The tariffs announced this past weekend are terrible. Literally trillions of dollars have been wiped off of the stock market. That’s investors making their best guesses about Trump’s tariffs’ effect on future earnings flows for listed companies.
But it’s also a generalised pulling-back in the face of .
You might think that if Trump recanted tomorrow, the problem would be largely solved. But it’s far worse than that. The underlying regime is uncertain. Unless Congress takes away the President’s ability to impose tariffs at will, he could do it again tomorrow. Or in a month. Or next year. Or never.
Professor Jason Furman was Chair of President Obama’s Council of Economic Advisors. As he put it, “Half measures and delays won’t work – there is way, way too much uncertainty that has been unleashed. The word of the President and his team won’t work – they are not credible. The only option to eliminate uncertainty would be for Congress to pass a law by veto-proof margins.”
But if Congress took that power away tomorrow, Trump could ask for its return. Congress might decide to play along. Or it might not.
And the institutional safeguards that, for decades, had prevented this kind of thing have proven themselves wholly inadequate. A future President responding to similar pressures and with similar opportunities might make similar choices.

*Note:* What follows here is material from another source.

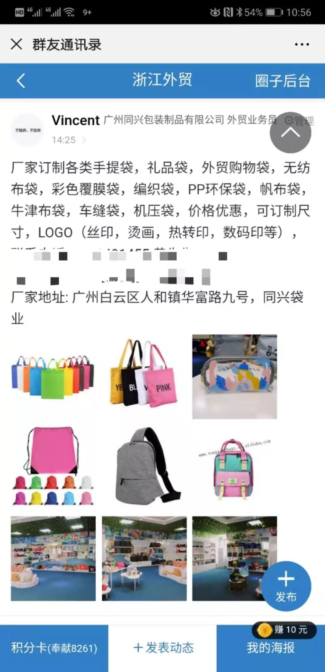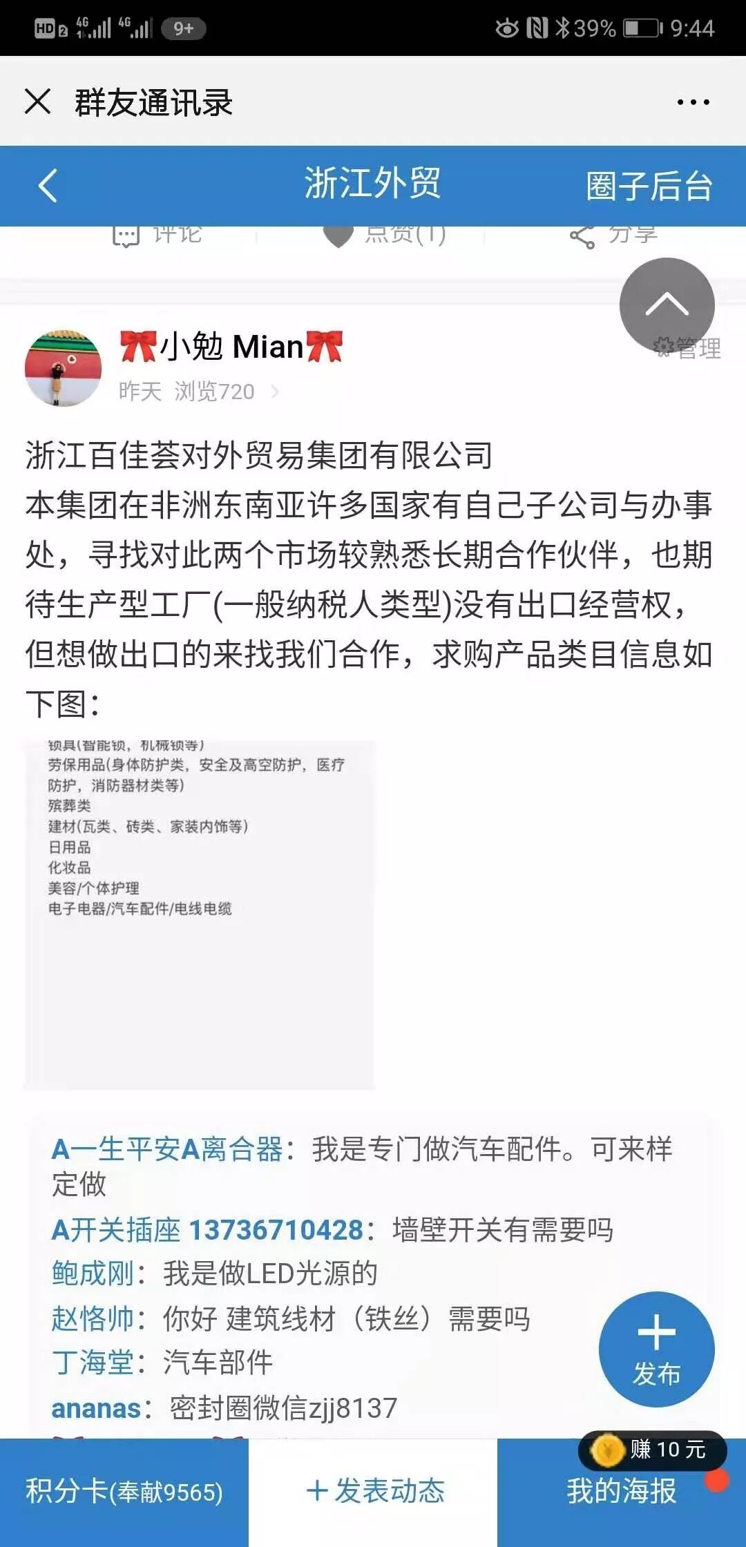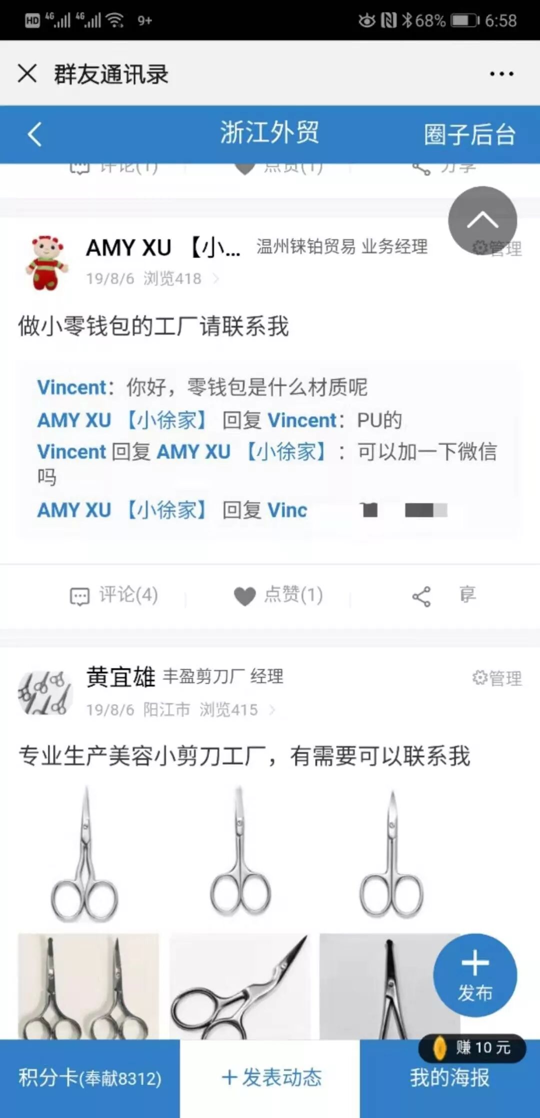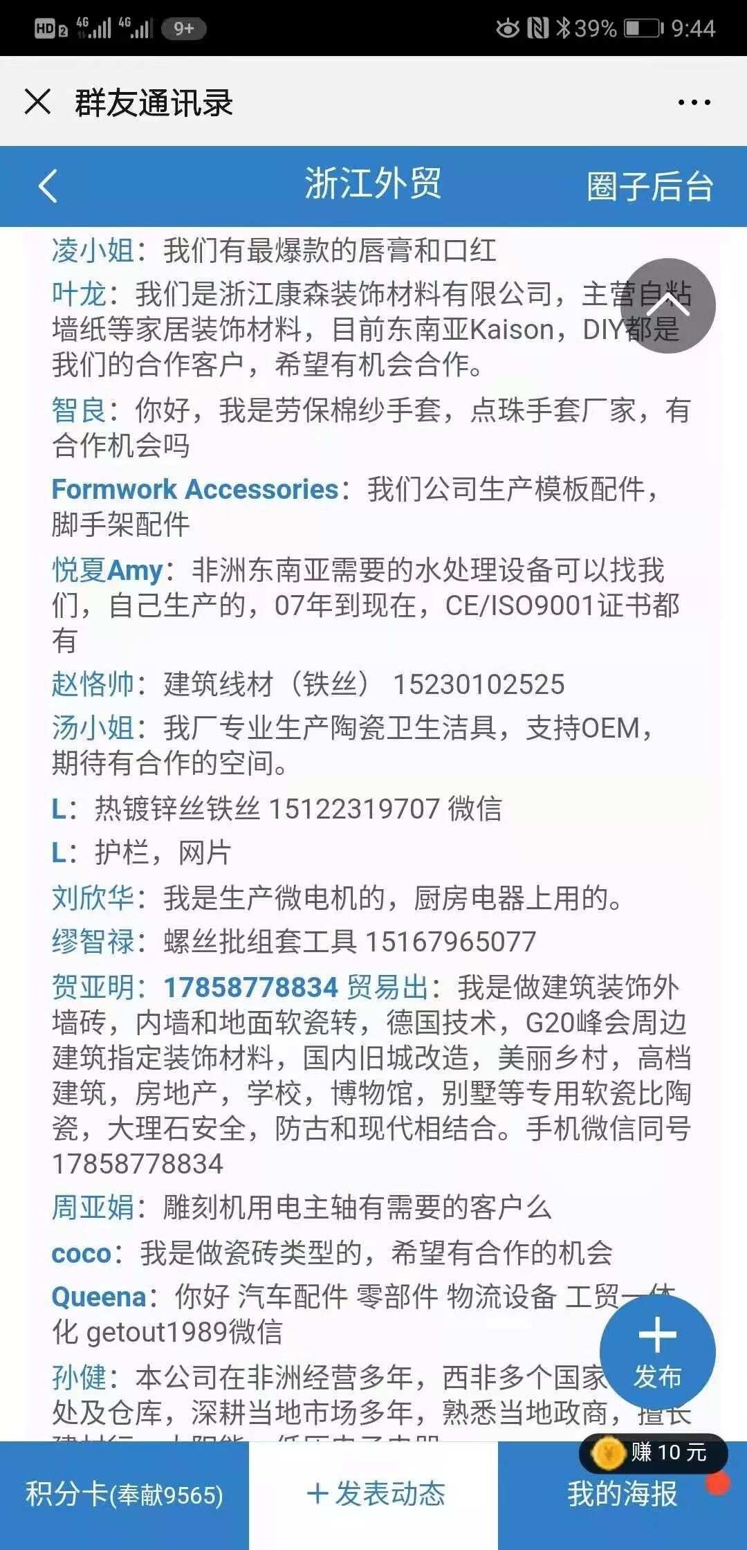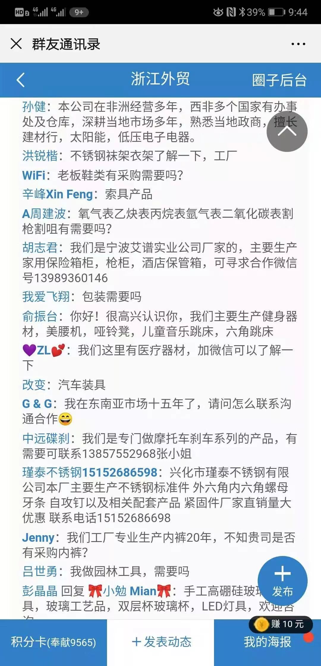 外贸公司找产品,工厂找合作伙伴,可在10000多外贸人的“通讯录”里发布信息,大家都可以看到。文字+图片,完整详细的信息会被推荐给全体人员!

The underlying regime is uncertain.
If companies knew that Trump’s tariffs would last forever, they could make decisions on that basis. If they knew that the horrors would end tomorrow and policy would be constrained to more normal bounds hereafter, they could make decisions on that basis instead.

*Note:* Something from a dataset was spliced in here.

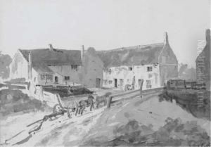 An Old Fisherman Repairing Nets with a Cottage in the Background
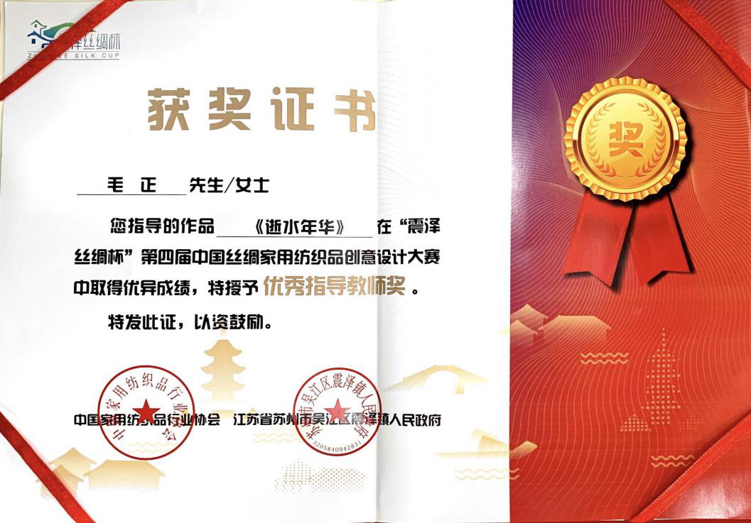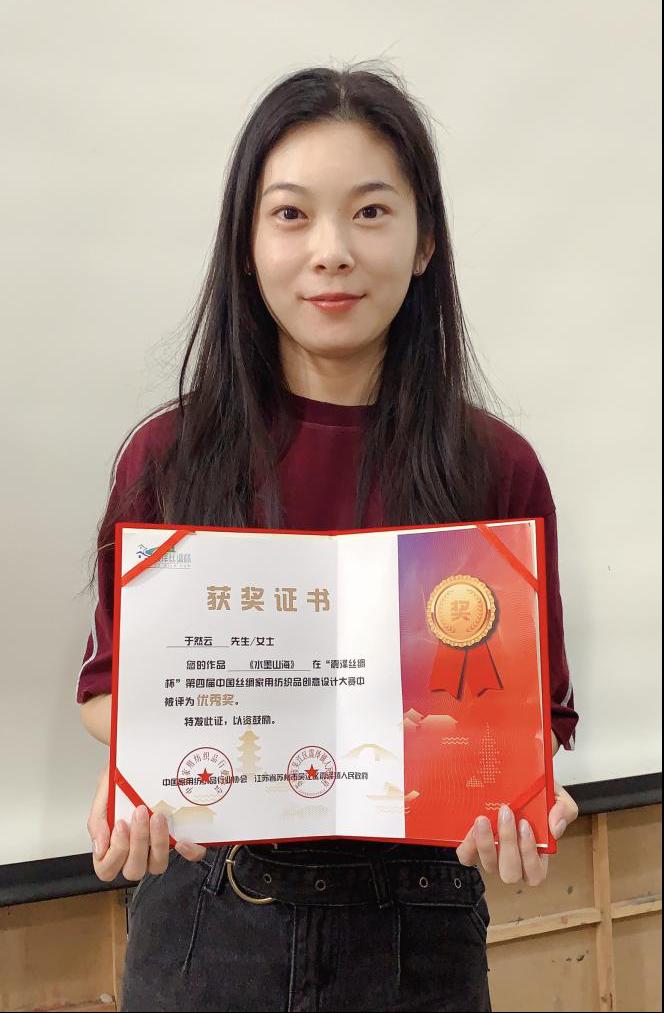 在现代手工艺术学院毛正老师的指导下,2017级纤维染织专业学生马心悦同学喜获银奖1项、于然云同学喜获优秀奖1项,以及入围奖一项。毛正老师获得“优秀指导教师”称号。(yl8cc永利官网现代手工艺术学院)

But they cannot know either.
Instead, as in the 1930s, they will have very good reason to pull back. To wait and see. Billions of dollars are better held as dollars rather than bet on a game of Flux.
New Zealand’s policy uncertainty problems are far more minor in scale.
Consenting decisions on energy projects worth close to a billion dollars have become a crapshoot bet on which Commissioners you might get. Each punt at the process costs years and can cost tens of millions of dollars.
When even local companies cannot figure out what they must do to get through our system, good luck to potential investors less familiar with our peculiar regimes. But a new Resource Management system is coming.
A month ago, companies did not have to worry that the Minister of Finance would decide to announce a short process that could split their businesses into pieces. Minister Willis’s supermarket announcement introduced uncertainty that hadn’t previously really existed, raising concerns far beyond the supermarket sector.
And best of luck to anyone dealing with merger review in the current political environment. Some mergers should be rejected because they wind up causing harm to consumers. But when investment analysts like Forsyth Barr start emphasising political and public sentiment as much as the legal tests for merger clearance, as they did in their March 2025 report on Contact’s proposed acquisition of Manawa Energy, it is harder to describe the overall regime as stable and predictable.
But if anything, the past week has emphasised just how lucky we are in this country.
Other countries have responded to America’s tariffs with retaliatory tariffs that mainly hurt their own citizens. New Zealand has not.
Even better, New Zealand’s cross-party commitment to open trade and rules-based trading orders is solid. This weekend, Labour’s David Parker even suggested that New Zealand’s best response could involve inviting the European Union to join the CPTPP trade agreement. He is right.
The premium for having stable and predictable institutions – for regime certainty – will have gone up.
When the global regime has not been in this much flux in living memory, small islands of relative sanity have their advantages.